1. The designation of the offense by the statute;

2. The acts or omissions complained of as constituting the offense;

3. The name of the offended party; and

4. The approximate time of the commission of the offense, and the place wherein the offense was
committed.

The 4th element is satisfied. Even though the information indicates that the time of offense was
committed “on or about the 5th of July 1991,” such is not fatal to the prosecution’s cause considering
that Section 11 of the same Rule requires a statement of the precise time only when the same is a
material ingredient of the offense.

What is the form of demand required in estafa with abuse of confidence?

Note first that the elements of estafa with abuse of confidence are as follows:

(a) that money, goods or other personal property is received by the offender in trust, or on commission,
or for administration, or under any other obligation involving the duty to make delivery of, or to return
the same;
(b) that there be misappropriation or conversion of such money or property by the offender or denial on
his part of such receipt;

(c) that such misappropriation or conversion or denial is to the prejudice of another; and

(d) that there is a demand made by the offended party on the offender.

No specific type of proof is required to show that there was demand. Demand need not even be formal;
it may be verbal. The specific word “demand” need not even be used to show that it has indeed been
made upon the person charged, since even a mere query as to the whereabouts of the money [in this
case, property], would be tantamount to a demand.

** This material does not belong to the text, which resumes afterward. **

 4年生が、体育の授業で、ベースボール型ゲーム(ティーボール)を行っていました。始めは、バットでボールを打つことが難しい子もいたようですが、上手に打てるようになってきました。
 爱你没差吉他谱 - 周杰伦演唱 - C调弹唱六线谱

In Tubb v. People, where the complainant merely verbally inquired about the money entrusted to the
accused, the query was tantamount to a demand.

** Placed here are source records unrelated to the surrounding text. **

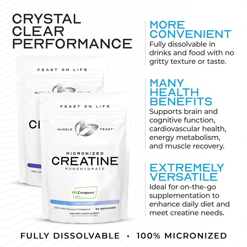 Muscle Feast Creapure - Micronized Creatine Monohydrate Powder | Premium Pre-Workout or Post-Workout | Creatine for Women & Men | Easy to Mix, Vegan, Gluten-Free, Safe and Pure (Unflavored, 250g)
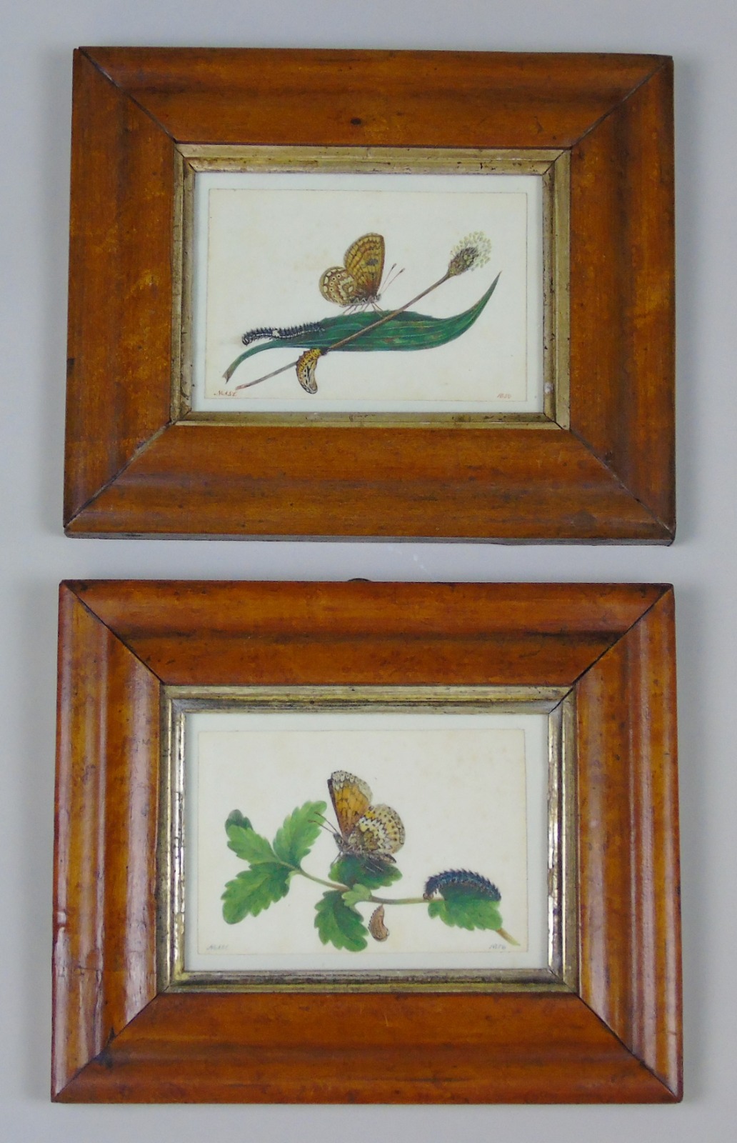 Antique Pair of Watercolours Paintings Butterflies and Pupae
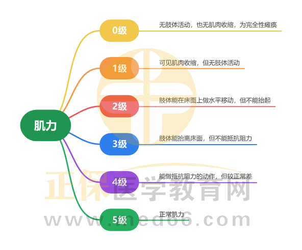 2024年中西医执业医师考试中,诊断学基础考察的都是表浅知识。常考心电图和影像学检查。其它的实验室检查和症状学也是侧重点,一定要掌握具体的指标是针对于哪个疾病有意义。西医的诊断内容出题并不难,但是要求我们基础知识要扎实。医学教育网小编为大家整理“肌力”考点思维导图供大家复习:

May a sole witness be considered credible?

Yes. Note first that settled is the rule that in assessing the credibility of witnesses, SC gives great respect
to the evaluation of the trial court for it had the unique opportunity to observe the demeanor of
witnesses and their deportment on the witness stand, an opportunity denied the appellate courts,
which merely rely on the records of the case.

The assessment by the trial court is even conclusive and binding if not tainted with arbitrariness or
oversight of some fact or circumstance of weight and influence, especially when such finding is affirmed
by the CA. Truth is established not by the number of witnesses, but by the quality of their testimonies,
for in determining the value and credibility of evidence, the witnesses are to be weighed not numbered.